According to O’Donovan, he was at a party in Atlanta on December 31, 2012 when the gang approached him after seeing him dancing with another man. They yelled homophobic epithets and physically assaulted him. What happened next, he claims, was an act of self-defense.
In a statement, O’Donovan explained: “In an attempt to defend myself from the attack I thought could end my life I stabbed five of them, while also being stabbed three times myself.”

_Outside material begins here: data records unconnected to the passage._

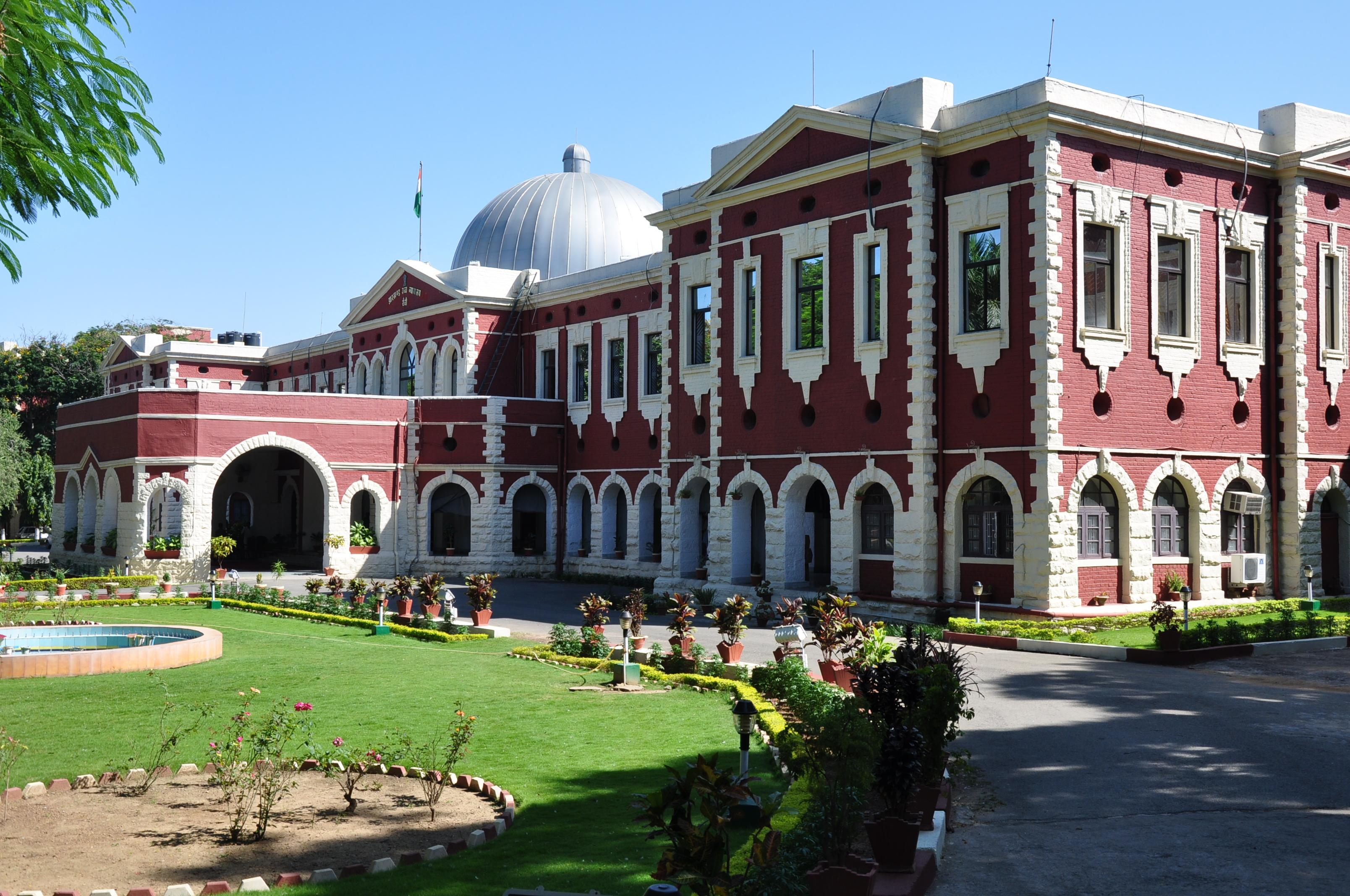 Ranchi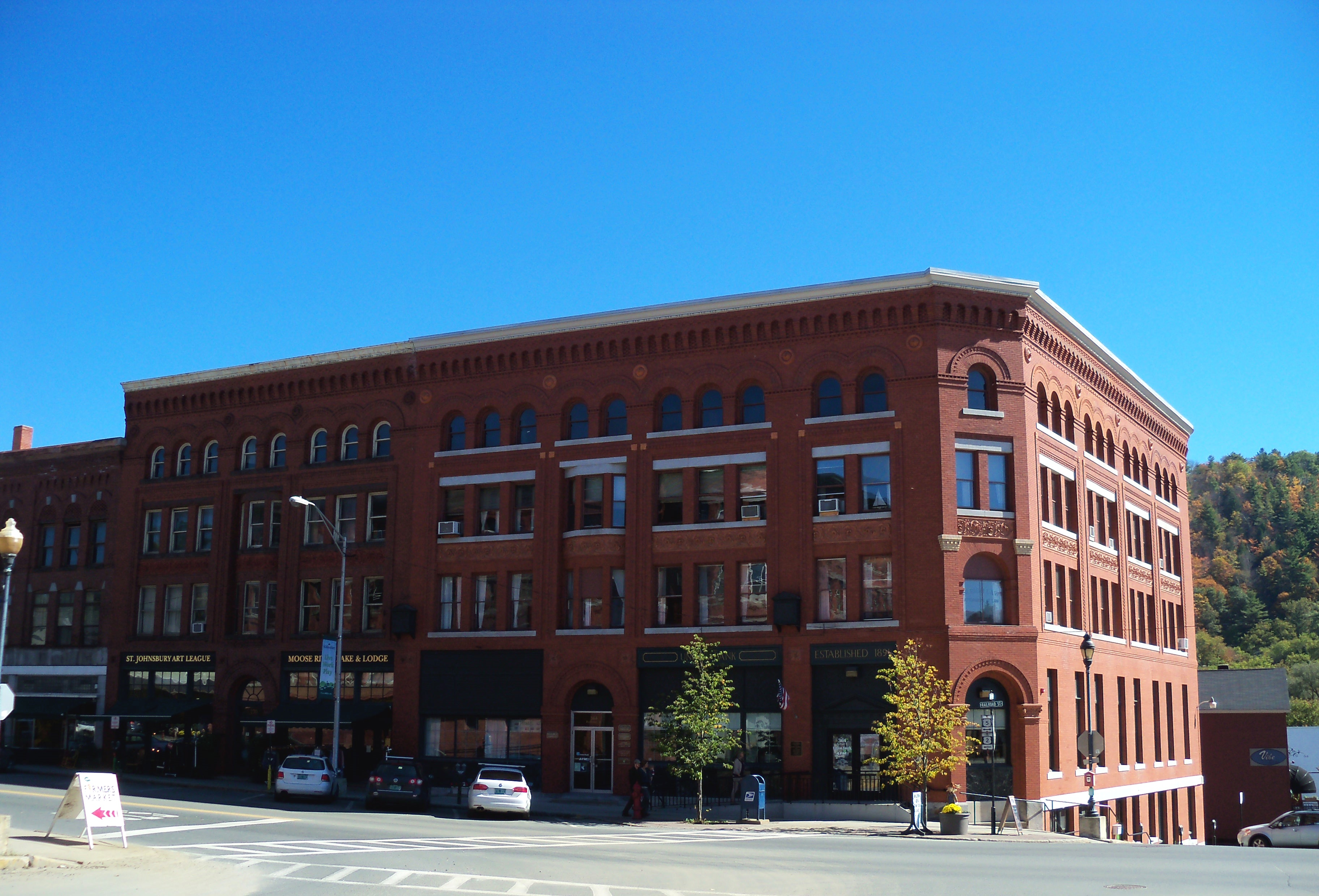 Building in downtown St. Johnsbury, Vermont, USA.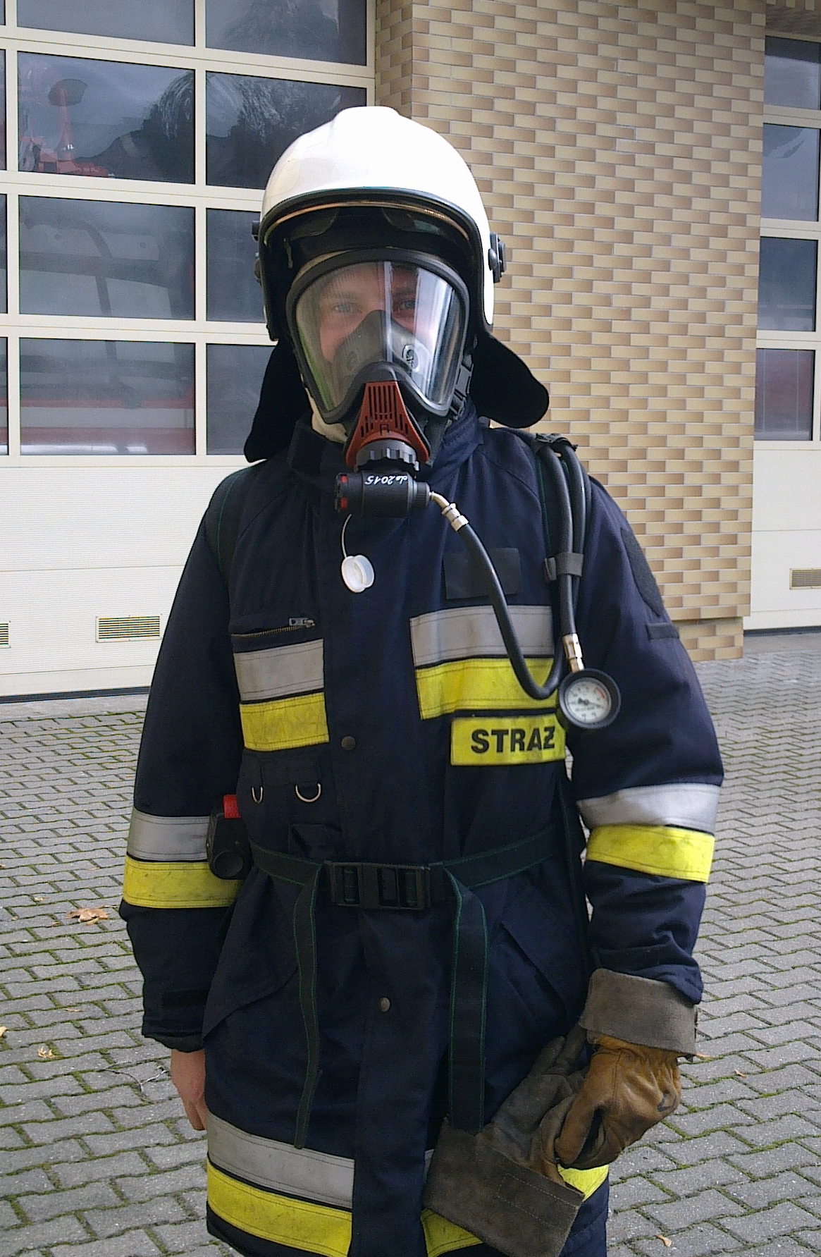 Fire fighter in breathing mask.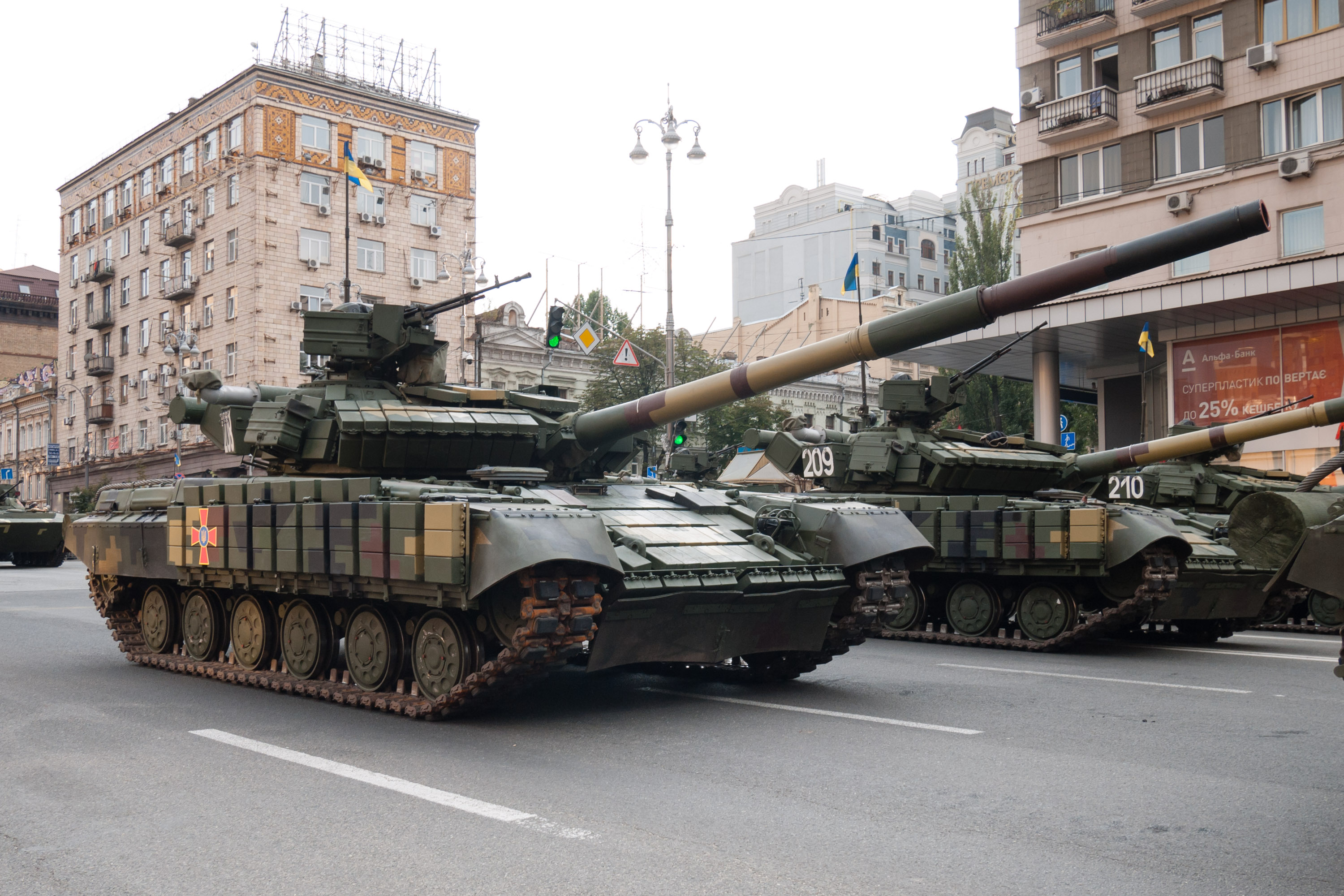 T-64BV ver. 2017 main battle tank, rehearsal for the Independence Day military parade in Kyiv, 2018

The prosecution, however, has a slightly different version of events. It claims O’Donovan had been kicked out the party, only to return later with a pocket knife with which he used to stab several people. One man required surgery as a result of the fight, though no injuries were fatal.
Of everyone involved, only O’Donovan was charged with anything — five counts of aggravated assault with a deadly weapon. Facing a potential 110-year sentence if convicted by a jury, he chose to instead accept a plea deal of two years behind bars plus eight years probation.
O’Donovan’s supporters have called the case “the epitome of a hate crime” claiming that “the demonization” of his actions represented “a growing trend: criminalizing those who successfully defend themselves from hate crimes.”
In a statement, O’Donovan said, “It is regrettable that anyone had to come to harm, but given the choice of whether to lose my life to a hateful attack or fight for the chance to live, I will always choose the ferocious refusal to go quietly into the night.”